2. Zu den weiteren Anordnungsvoraussetzungen oder Ausschlussgründen verhält sich das landgerichtliche Urteil nicht. Ein symptomatischer Zusammenhang zwischen der Betäubungsmittelstraftat und dem Konsumverhalten wird bereits durch die festgestellte Eigenkonsumfinanzierung nahegelegt (vgl. BGH, Beschluss vom 6. Dezember 2017 – 1 StR 415/17, Rn. 12 mwN).

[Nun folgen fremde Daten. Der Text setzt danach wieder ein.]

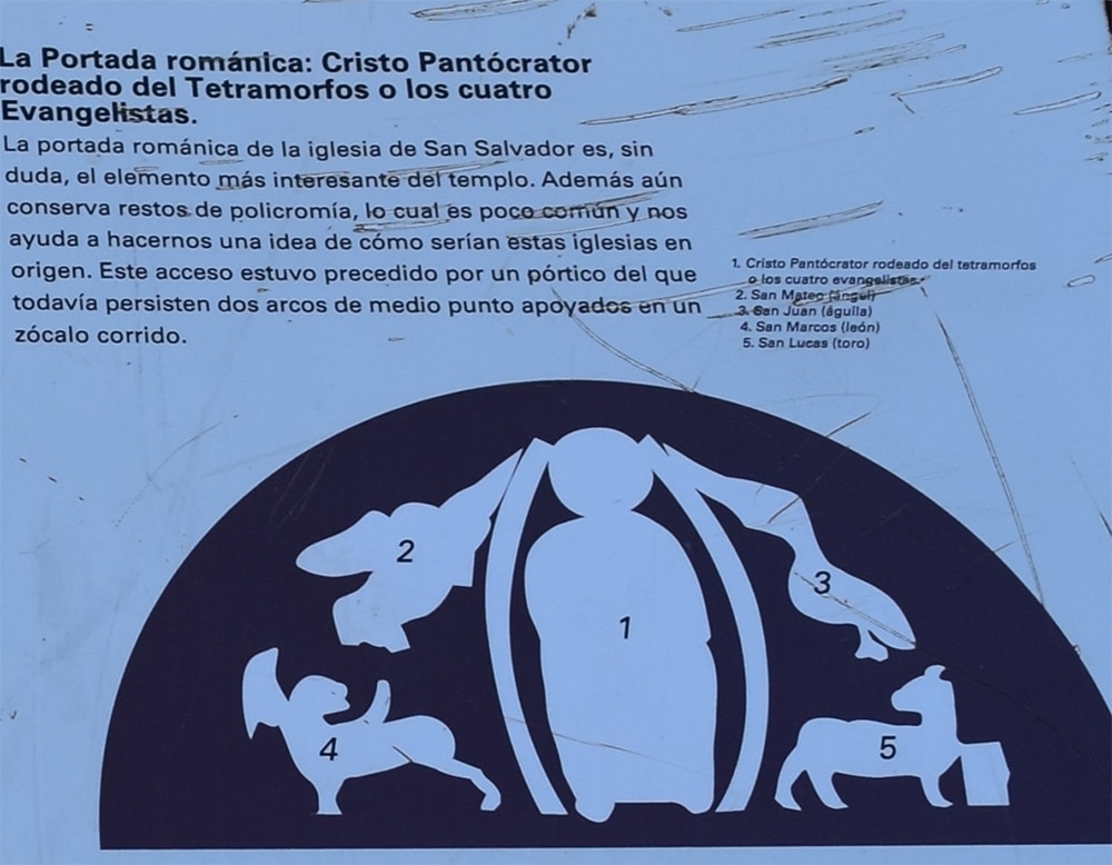 Le front roman d’Agüero représente le Christ Pantocrator entouré des quatre évangélistes : le lion pour Marc, le taureau pour Luc, l’ange pour Matthieu et l’aigle pour Jean.

Über die Frage der Anordnung der Unterbringung des Angeklagten in einer Entziehungsanstalt muss deshalb unter Beachtung des § 246a Abs. 1 Satz 2 StPO (vgl. BGH, Beschluss vom 20. September 2011 – 4 StR 434/11, NStZ 2012, 463 ) neu verhandelt und entschieden werden. Dass nur der Angeklagte Revision eingelegt hat, hindert die etwaige Nachholung einer Unterbringungsanordnung nicht (§ 358 Abs. 2 Satz 3 StPO ; vgl. BGH, Beschluss vom 10. Januar 2018 – 3 StR 563/17, Rn. 9; Urteil vom 10. April 1990 – 1 StR 9/90, BGHSt 37, 5 ); der Angeklagte hat die Nichtanwendung des § 64 StGB durch das Tatgericht auch nicht von seinem Rechtsmittelangriff ausgenommen (vgl. BGH, Urteil vom 7. Oktober 1992 – 2 StR 374/92, BGHSt 38, 362 ).

3. Der Senat schließt aus, dass die rechtsfehlerhafte Nichtanordnung der Maßregel nach § 64 StGB Einfluss auf den Strafausspruch gehabt hat. Dieser kann daher bestehen bleiben.